E. Procedural requirements

  1. Board Meetings
    1. A majority of the members of the Board of Directors, including at least one executive officer and one director shall constitute a quorum for the transaction of business at any meeting of the Board of Directors
    2. A majority vote of the members present is necessary to pass ordinary measures. All measure shall be deemed ordinary except those proposing a constiutional amendment.
    3. Meetings will be held at least bi-monthly and more frequently if called by the president.
  2. General Membership Meetings
    1. 30% of the voting membership and at least two (2) executive officers and two (2) directorys shall constitute a quorum for the transaction of business at any meeting of the general membership.
    2. A majority vote of the members present is necessary to pass ordinary measures. All measure shall be deemed ordinary except those proposing a constiutional amendment.
    3. Bylaws amendment
      1. A bylaw amendment may be accomplished by a two-thirds vote of the members present at the meeting.
      2. Only those who have been members of thie organization for 30 days prior to the proposal of such an amendment may vote upon such.
      3. All members must be notified at least 7 days prior to voting that bylaw amendments wil be discussed and voted on.
    4. Meetings will be held annually.

V. FINANCES

  1. This is a non-profit organization.
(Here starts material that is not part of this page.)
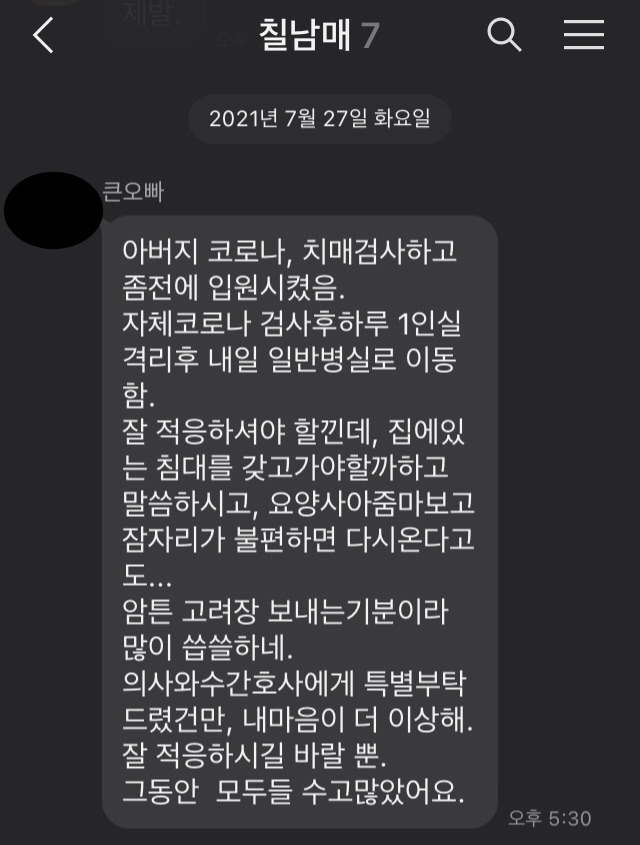 칠 남매 단톡에 큰오빠의 공지가 떴다.

Dues, entry fees, and other monies received by the organization will be spent entirely for carrying out the stated purpose to the organization.
  2. No part of the net earnings of the club shall inure to the benefit of its individuals.
  3. This organization shall be empowered to participate in fund-raising activities.
  4. This organization may use a portion of its funds or member contributions for the support of charitable organizations.

VI. DISSOLUTION

In the event of dissolution of this association, the funds in the treasury, after all creditors have been paid, shall be divided evenly among all members of record at the time of dissolution, or shall be donated to another 501(c)(3) non-profit organization, at the discretion of the officers.